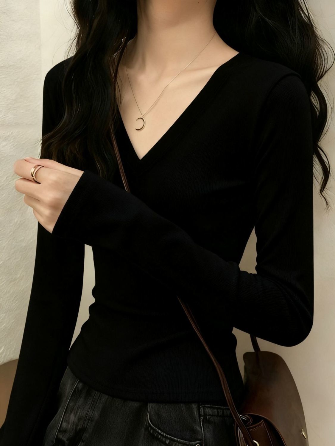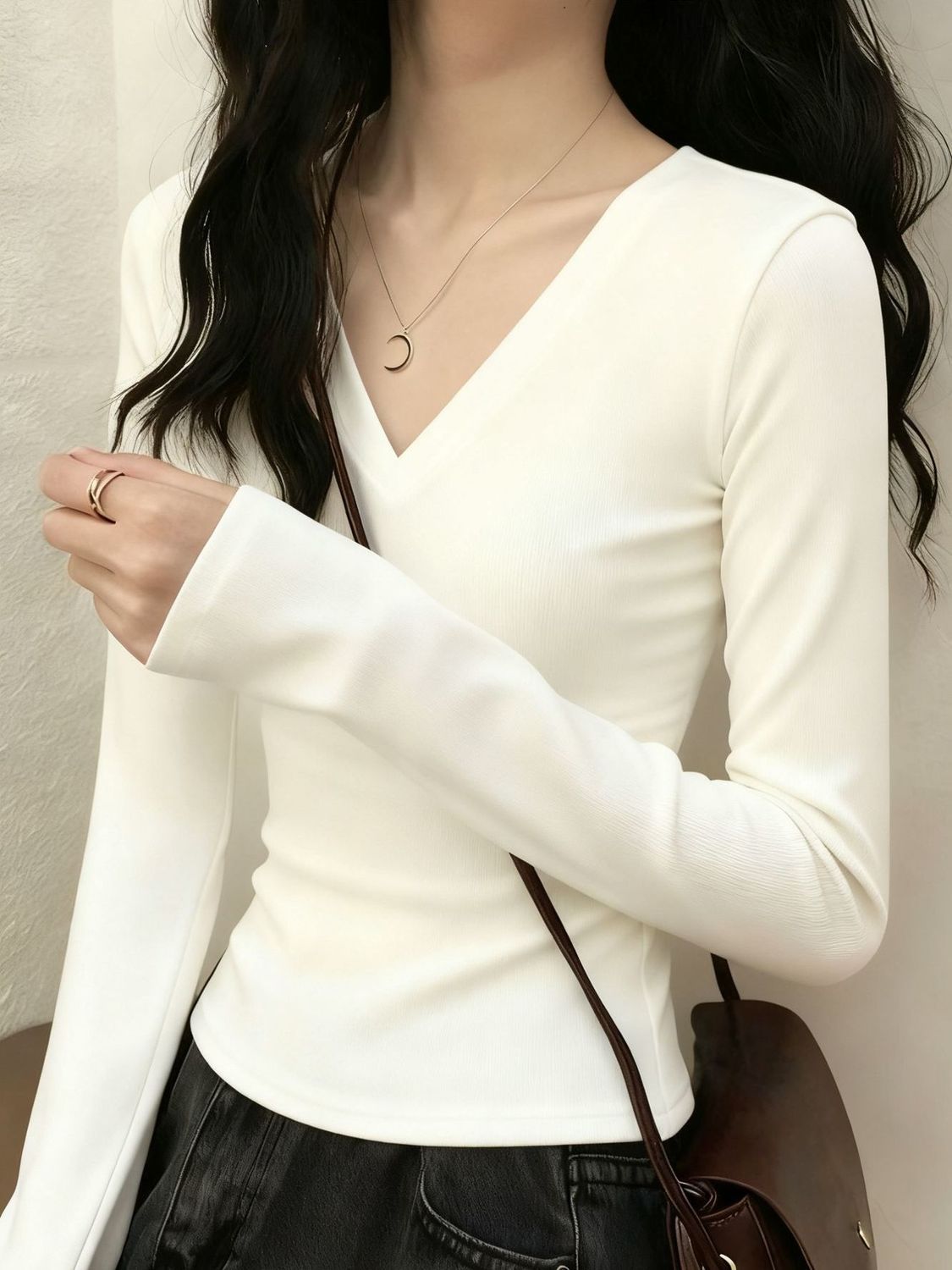 德絨V領正肩顯瘦打底收腰修身長袖T恤
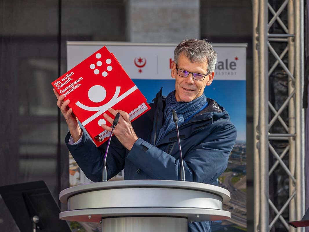 Im Jahr 2022 hat das Bundeskabinett und der Deutsche Bundestag den Beschluss zur Errichtung eines Zukunftszentrums gefasst und einen Standortwettbewerb ausgelobt. Halle hat als Standort überzeugt. Inzwischen steht der Siegerentwurf fest, Vorarbeiten für die Umgestaltung des Riebeckplatzes beginnen
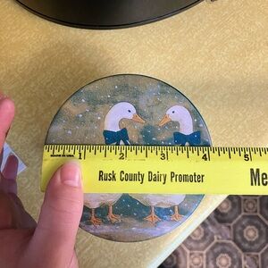 Charming tin container featuring a duck pattern. Perfect for storage or decoration. Measures about 5.5 inches tall and 4 inches across. Inside is very clean!
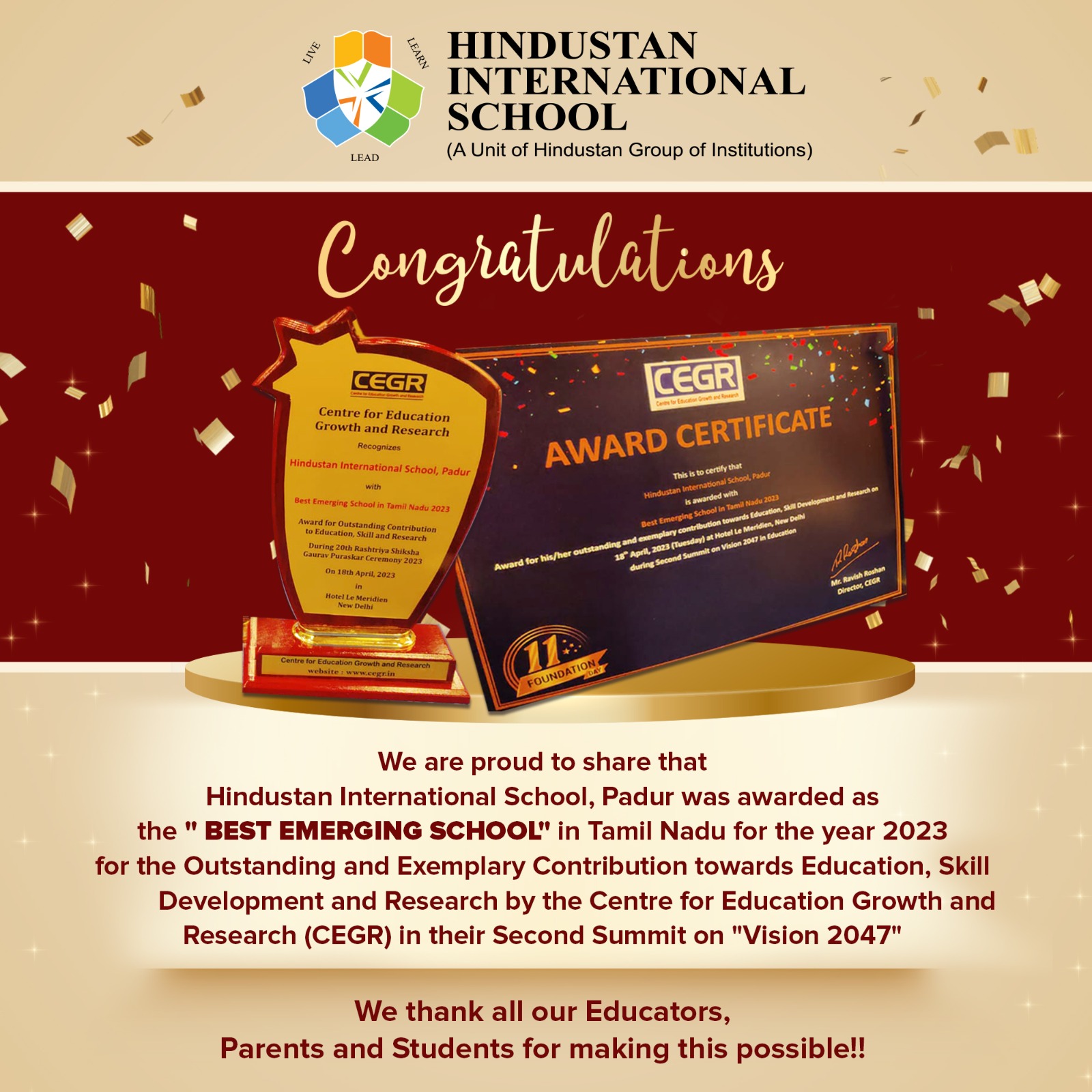 HIS Padur – The Best Emerging School in Tamil Nadu 2023View Details Padur Campus HIS Padur – The Best Emerging School in Tamil Nadu 2023We are proud to share that Hindustan International School , Padur was awarded as the "Best Emerging School" in Tamil Nadu for the year 2023Apr 18, 2023No Comments

━━━━━━━━━━━━━━━━

Starting at the line that holds "Charming tin container", write out every remaining line of the material above exactly as it appears. Pictures should not be copied.

 Charming tin container featuring a duck pattern. Perfect for storage or decoration. Measures about 5.5 inches tall and 4 inches across. Inside is very clean!
 HIS Padur – The Best Emerging School in Tamil Nadu 2023View Details Padur Campus HIS Padur – The Best Emerging School in Tamil Nadu 2023We are proud to share that Hindustan International School , Padur was awarded as the "Best Emerging School" in Tamil Nadu for the year 2023Apr 18, 2023No Comments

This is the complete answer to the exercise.